Start the copy at the line holding "[9369] の写真を拝見す" and continue it exactly through the last line of the entries, leaving out pictures and anything else.

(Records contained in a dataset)
Start of Block

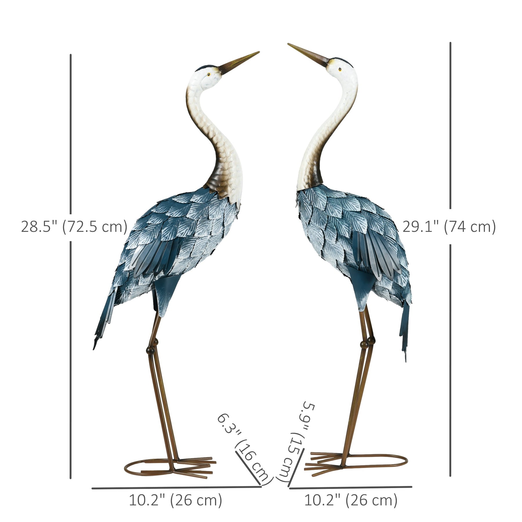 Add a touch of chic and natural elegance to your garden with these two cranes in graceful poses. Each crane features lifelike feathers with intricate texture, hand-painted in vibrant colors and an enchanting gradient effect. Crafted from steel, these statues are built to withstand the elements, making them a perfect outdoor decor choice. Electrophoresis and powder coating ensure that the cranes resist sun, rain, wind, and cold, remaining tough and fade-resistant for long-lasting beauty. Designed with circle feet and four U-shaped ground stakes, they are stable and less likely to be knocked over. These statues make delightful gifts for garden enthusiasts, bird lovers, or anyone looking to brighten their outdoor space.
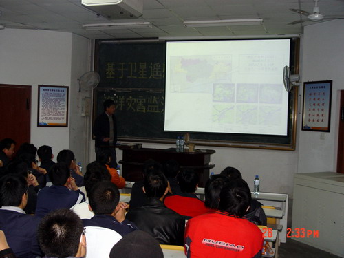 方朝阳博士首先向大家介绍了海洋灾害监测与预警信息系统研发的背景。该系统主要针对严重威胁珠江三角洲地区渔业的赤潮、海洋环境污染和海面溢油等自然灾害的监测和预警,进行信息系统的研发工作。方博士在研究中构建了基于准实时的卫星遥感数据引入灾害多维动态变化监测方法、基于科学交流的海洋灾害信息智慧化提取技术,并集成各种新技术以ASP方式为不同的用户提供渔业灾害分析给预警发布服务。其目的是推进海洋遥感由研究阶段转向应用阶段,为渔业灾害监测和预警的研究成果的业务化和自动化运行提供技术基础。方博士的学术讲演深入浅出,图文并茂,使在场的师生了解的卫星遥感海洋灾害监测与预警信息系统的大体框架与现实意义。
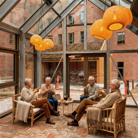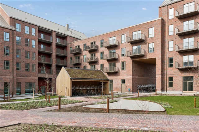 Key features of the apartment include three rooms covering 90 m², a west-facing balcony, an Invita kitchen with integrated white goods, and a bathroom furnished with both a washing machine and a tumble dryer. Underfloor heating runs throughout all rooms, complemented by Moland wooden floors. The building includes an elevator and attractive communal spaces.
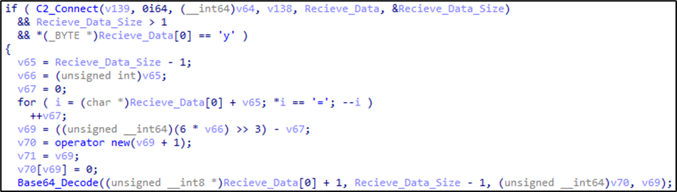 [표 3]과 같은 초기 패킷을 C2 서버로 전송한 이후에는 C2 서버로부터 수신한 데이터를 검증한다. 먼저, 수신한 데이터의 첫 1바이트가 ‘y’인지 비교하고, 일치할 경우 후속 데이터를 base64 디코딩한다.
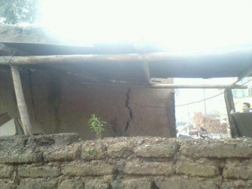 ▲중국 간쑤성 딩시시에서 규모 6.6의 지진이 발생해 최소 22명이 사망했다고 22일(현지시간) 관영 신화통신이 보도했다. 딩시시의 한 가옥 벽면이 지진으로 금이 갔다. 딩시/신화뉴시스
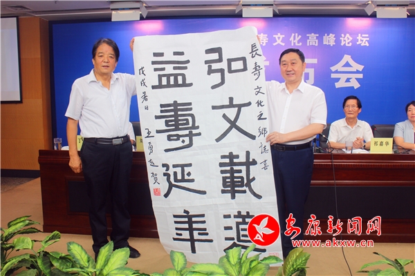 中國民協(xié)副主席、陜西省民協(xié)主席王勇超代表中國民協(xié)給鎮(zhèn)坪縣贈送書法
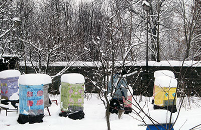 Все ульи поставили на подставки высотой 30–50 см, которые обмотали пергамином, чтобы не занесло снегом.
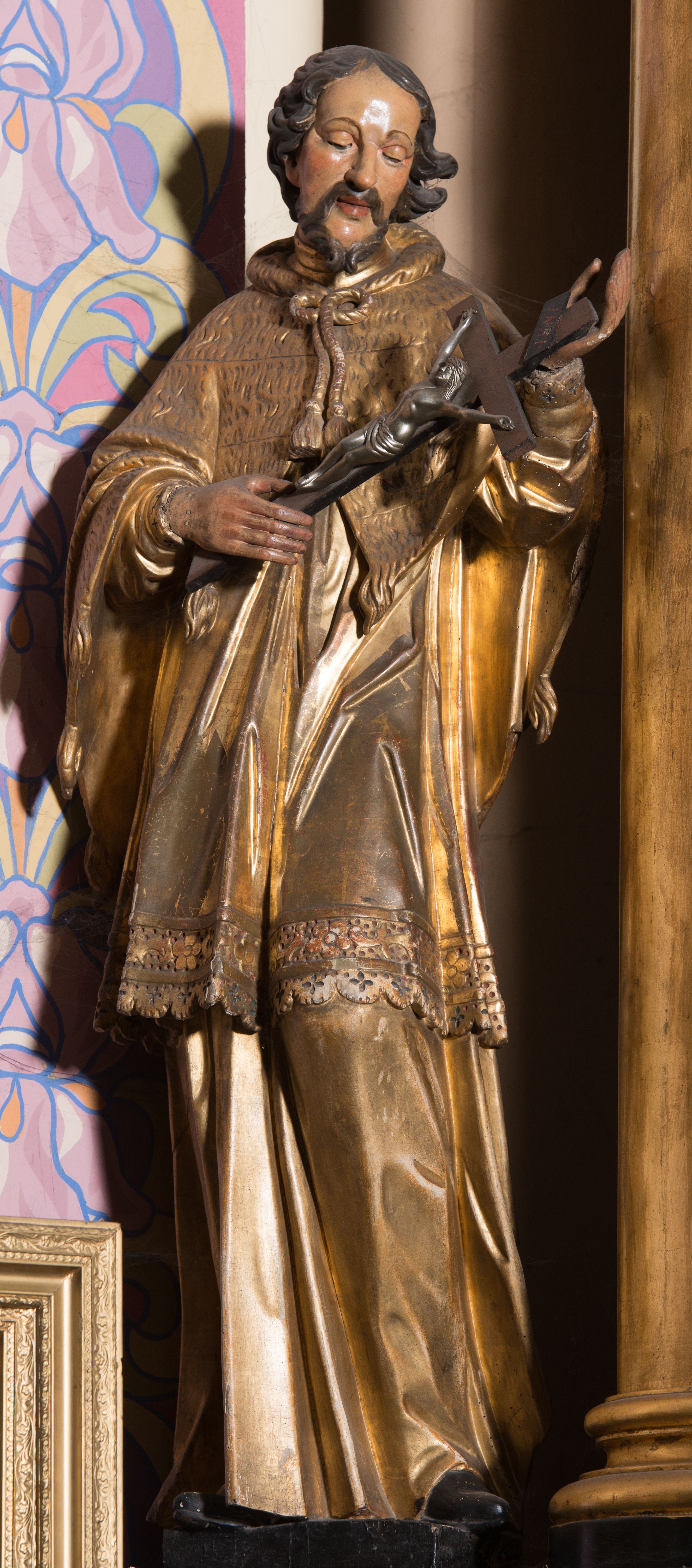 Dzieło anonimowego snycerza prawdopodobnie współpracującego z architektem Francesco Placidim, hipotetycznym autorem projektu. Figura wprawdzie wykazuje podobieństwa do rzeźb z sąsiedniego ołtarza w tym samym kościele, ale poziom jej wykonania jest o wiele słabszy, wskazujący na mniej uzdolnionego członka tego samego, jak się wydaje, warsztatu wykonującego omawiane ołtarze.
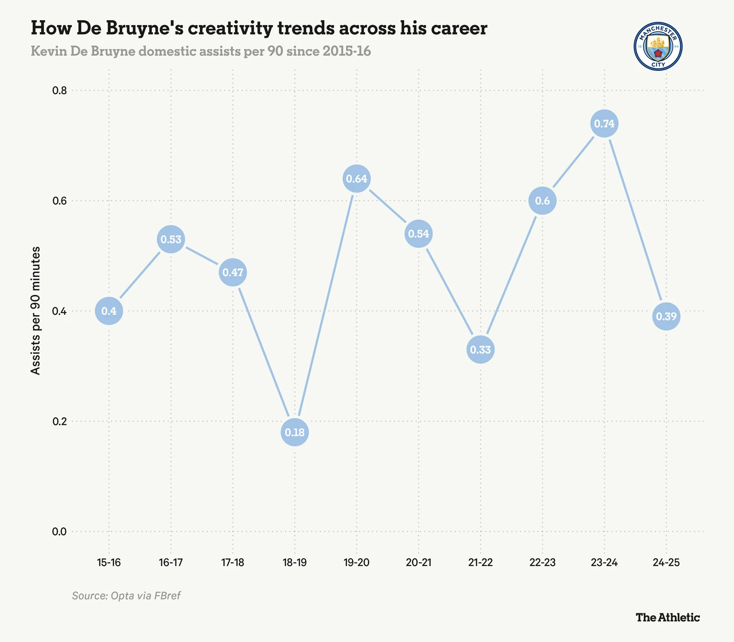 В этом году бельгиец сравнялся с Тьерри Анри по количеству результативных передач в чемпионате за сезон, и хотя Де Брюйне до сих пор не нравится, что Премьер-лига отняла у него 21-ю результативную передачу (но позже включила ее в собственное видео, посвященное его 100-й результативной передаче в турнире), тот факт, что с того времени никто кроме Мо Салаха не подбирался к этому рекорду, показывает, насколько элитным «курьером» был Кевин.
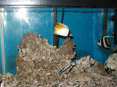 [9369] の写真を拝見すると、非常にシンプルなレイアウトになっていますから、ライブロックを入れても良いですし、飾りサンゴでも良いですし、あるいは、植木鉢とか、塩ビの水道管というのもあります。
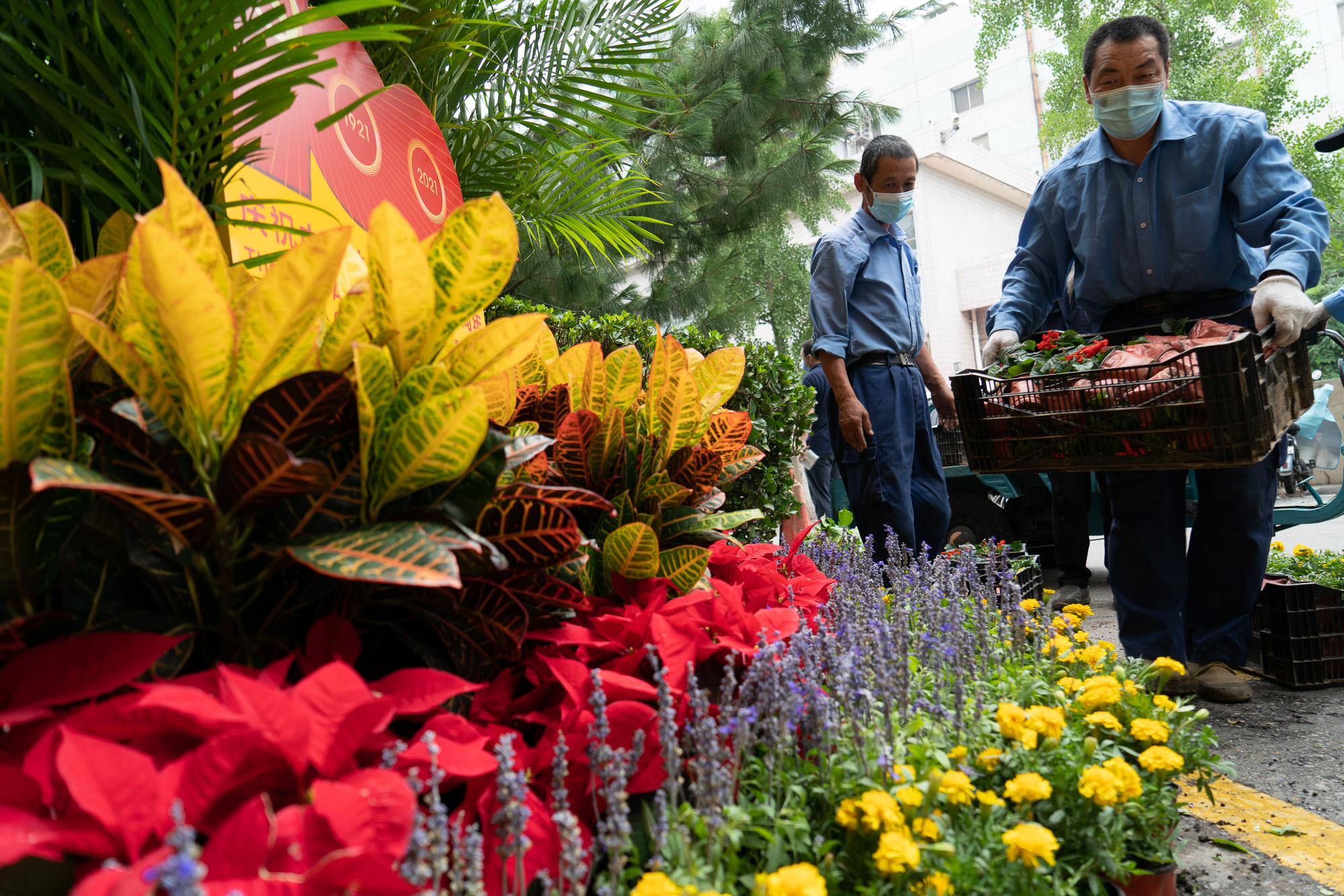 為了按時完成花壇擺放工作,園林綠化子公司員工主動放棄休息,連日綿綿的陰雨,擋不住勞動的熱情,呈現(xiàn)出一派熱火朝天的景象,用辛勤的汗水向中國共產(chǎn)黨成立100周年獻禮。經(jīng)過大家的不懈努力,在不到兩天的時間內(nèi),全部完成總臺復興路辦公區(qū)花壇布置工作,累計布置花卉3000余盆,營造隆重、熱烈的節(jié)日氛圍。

End of Block

▸ **Final answer**
 [9369] の写真を拝見すると、非常にシンプルなレイアウトになっていますから、ライブロックを入れても良いですし、飾りサンゴでも良いですし、あるいは、植木鉢とか、塩ビの水道管というのもあります。
 為了按時完成花壇擺放工作,園林綠化子公司員工主動放棄休息,連日綿綿的陰雨,擋不住勞動的熱情,呈現(xiàn)出一派熱火朝天的景象,用辛勤的汗水向中國共產(chǎn)黨成立100周年獻禮。經(jīng)過大家的不懈努力,在不到兩天的時間內(nèi),全部完成總臺復興路辦公區(qū)花壇布置工作,累計布置花卉3000余盆,營造隆重、熱烈的節(jié)日氛圍。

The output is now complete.